他熟練地翻開菜單,手指在精美的頁面上輕點:“先來一份藍鰭金槍魚大腹刺身,肉質肥美,入口即化;再要一份北海道馬糞海膽,鮮甜無比;還有這個,新西蘭鰲蝦,蝦肉q彈,配上特制的醬料,堪稱一絕。”
說著,他又看向天然:“天然,你喜歡吃三文魚嗎?這里的三文魚都是當天從挪威空運過來的,非常新鮮。”
天然微微點頭,嘴角帶著一抹淡淡的笑意:“我都行,聽羅書記安排就好。”
羅澤凱笑著又點了幾份特色刺身,然后對服務員說:“再來一瓶獺祭50純米大吟釀清酒,搭配刺身再合適不過了。”
不一會兒,精致的刺身拼盤陸續上桌。
那藍鰭金槍魚大腹,色澤紅潤,紋理清晰,油脂豐富得如同云文石花紋一般;
北海道馬糞海膽,色澤橙黃,顆粒飽滿,散發著誘人的光澤;
新西蘭鰲蝦,蝦身晶瑩剔透,蝦肉緊實彈牙。
羅澤凱拿起筷子,夾起一片金槍魚大腹,輕輕蘸了蘸醬油和芥末,放入口中,閉上眼睛,一臉享受地咀嚼著:
“嗯……這口感,簡直絕了。

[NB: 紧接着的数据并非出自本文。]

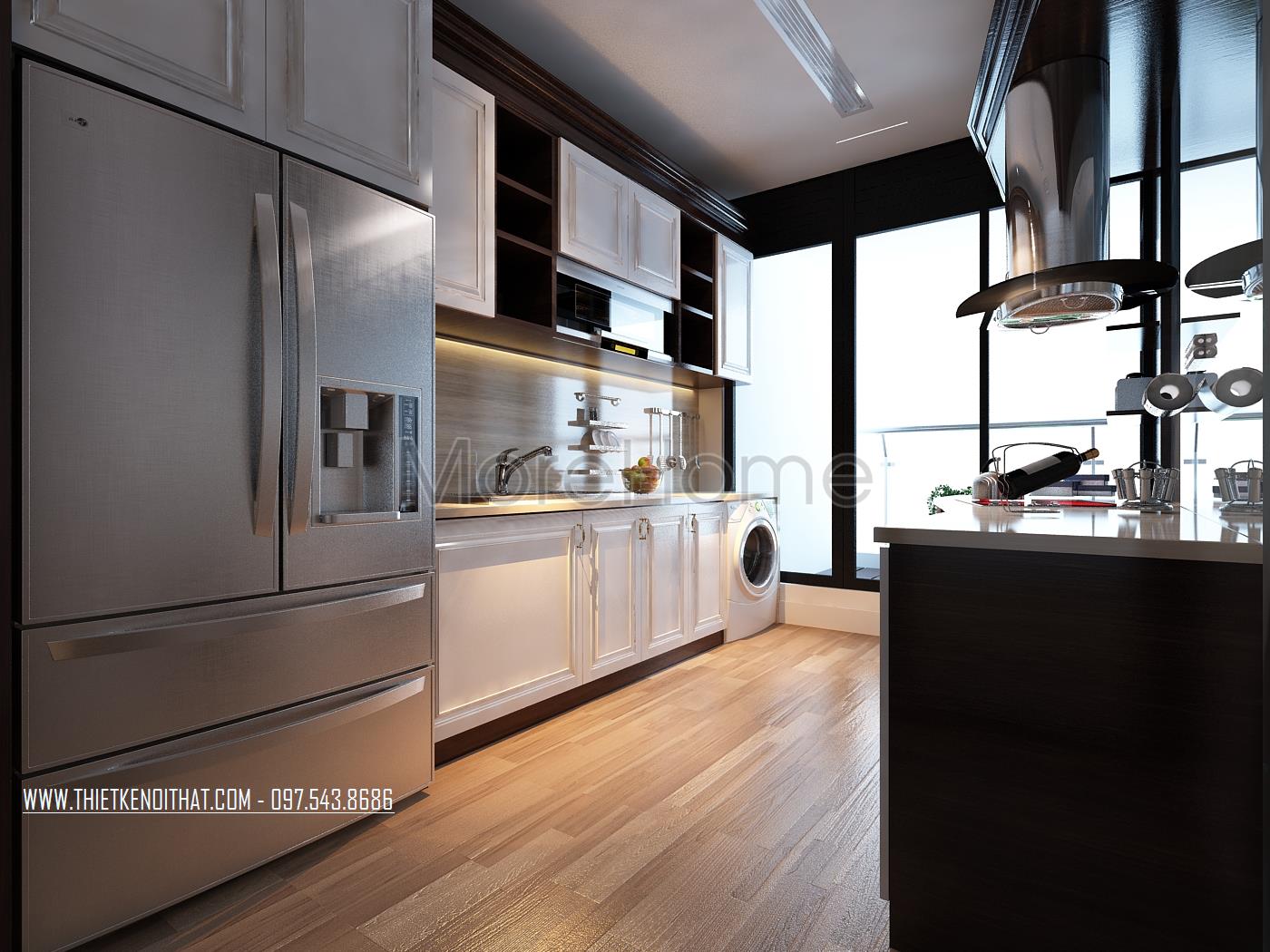 Phòng bếp nằm trong gian phòng nhỏ cạnh khu bàn ăn thực sự là một điểm nhấn rất thú vị khi nó gợi không gian mở với cửa sổ ra hành lang. Như vậy, mỗi khi chủ căn hộ nấu những món ăn ngon cho gia đình đều sẽ được thoải mái với phong cảnh bên ngoài thư thái. Đặc biệt, phòng bếp là nơi hộ tụ điểm hiển đại trong phong cách tân cổ điển vì như vậy sẽ giúp căn bếp sáng và gọn nhẹ mà không bị bí bách ở các chi tiết tủ bếp, máy hút khói, lò nướng âm.

你們也快嘗嘗。”
眾人紛紛動筷。
秦明夾起一只鰲蝦,熟練地剝去蝦殼,將鮮嫩的蝦肉放入口中,豎起大拇指:“這蝦太鮮美了。”
張咪也笑著附和:“是啊,這刺身比我之前吃過的都要好吃。”
天然小心翼翼地夾起一小塊海膽,放入口中,眼睛瞬間亮了起來:“確實很鮮甜,口感細膩,羅書記,謝謝你帶我們來這么好的地方。”

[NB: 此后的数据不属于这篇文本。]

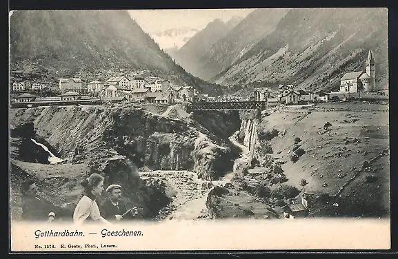 AK Goeschenen, Leute an der Gotthardbahn, um 1900

羅澤凱擺擺手,笑著說:“跟我還客氣什么,大家能聚在一起就是緣分,今天一定要吃好喝好。”
這時,服務員將清酒拿了過來,為眾人斟上。
羅澤凱端起酒杯,站起身來:“來,大家一起舉杯,感謝天然能抽出時間來幫忙,也希望我們今天的聚會能開開心心。”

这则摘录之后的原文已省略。